Charles Darwin e a coragem da negativa do lugar-comum
24 de junho de 2018, 8h00
A Origem das Espécies, de Charles Robert Darwin (1809-1882), um dos livros mais emblemáticos e discutidos de nossa cultura, foi publicado em 1859. Suscitou intenso debate, temperado por ironias e agressividades, a exemplo do clérigo que teria perguntado a Darwin se o cientista descenderia dos símios pelo lado paterno, ou materno… Jornais publicavam caricaturas de Darwin mostrando-o como um primata. Muita maldade.
Darwin resistiu e rebateu as críticas que recebeu. Sua teoria, de alguma forma, rejeitava o criacionismo dominante. Ainda que violentamente atormentado pelo sofrimento de uma filha, Anne Elizabeth, que morreu aos 10 anos, tragédia que se atribuiu à indignação justificada de uma ira transcendente, Darwin permaneceu firme, centrado em sua inabalável convicção. Sua esposa, Emma Wedgwood, sugerem os biógrafos de Darwin, teria admitido que a morte de Anne seria o nêmese que a desafiadora concepção do cientista inglês causara. A negação do criacionismo pura e simples foi o pomo da discórdia do casal.
A parte introdutória da A Origem das Espécies é também leitura obrigatória para todos quantos nos preocupamos com questões de epistemologia. São páginas de muita sinceridade intelectual. No núcleo do livro, o problema de nossa origem, isto é, a origem das espécies, porque não passamos de mais uma espécie entre tantas espécies, no contexto do “mistério dos mistérios”, superlativo hebraico utilizado por Darwin, para quem o miolo da questão estaria na compreensão da independência (ou não) do processo criador. É um quebra-cabeças que singulariza uma dúvida permanente, e do qual depende muitas posições que tomamos em face da vida, e da morte.
Na singularidade dessa dúvida, o grande mistério que provoca quem quer que se interesse pelas explicações sobre a existência humana. Darwin mostrava-se absolutamente seguro das conclusões que sua pesquisa indicou. Essa segurança, ainda que fortemente construída por um homem atormentado, desafia e desconcerta seus detratores.
Aceite-se ou não as ideias de Darwin, acredite-se ou não na mutabilidade das espécies, rejeite-se ou não o monismo ou o criacionismo, são circunstâncias pessoais e substancialmente subjetivas absolutamente indiferentes ao respeito que se deve à pessoa e aos propósitos e métodos de pesquisa do cientista inglês, ou de qualquer outro pesquisador.

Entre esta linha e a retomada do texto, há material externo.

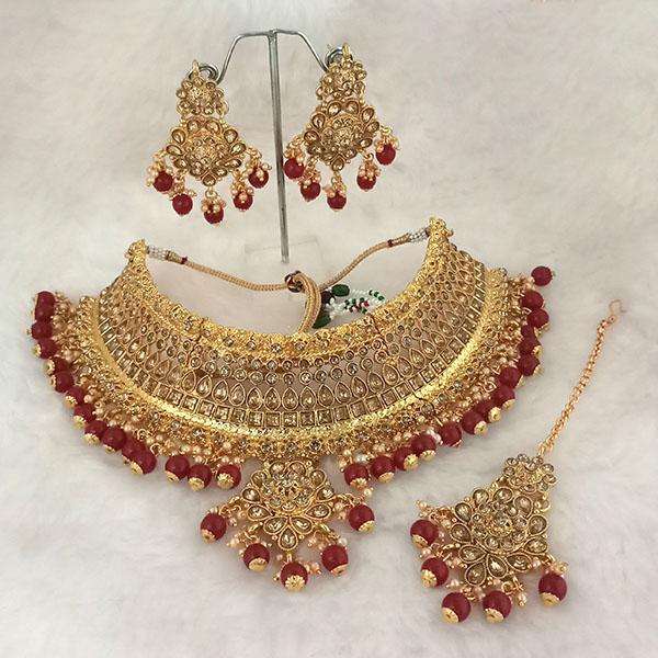 Kriaa Fine Jewelry Set-Maroon Beads Austrian Stone Choker Necklace with Maang Tikka 1113502A

Respeitemos todas as posições.
Porém, e aqui o grande legado filosófico e moral de Darwin, a força e a coragem intelectual de quem contraria o pensamento dominante, anunciando-se um mundo intelectual menos acomodado. Isso também valeria para as ciências sociais aplicáveis, embora nesse campo haja menos evolucionistas normativos, e muito mais criacionistas jurídicos, ainda que nem do criacionismo estes últimos entendam. Hoje, tanto criacionistas quanto evolucionistas jurídicos esqueceram até as regras e só entendem de princípios, que multiplicam a mancheias.
Aplicando-se o argumento de Darwin para o direito, e para suas forças criadoras, pode-se especular que a ordem jurídica é uma ordem substancialmente política, que revela a vontade dos mais fortes, ainda que disfarçada em uma hipócrita medida de proteção aos desvalidos e abandonados.
Leitura sugerida:
Darwin, Charles R., A Origem das Espécies, São Paulo: Martin-Claret, 2004. Tradução de John Green.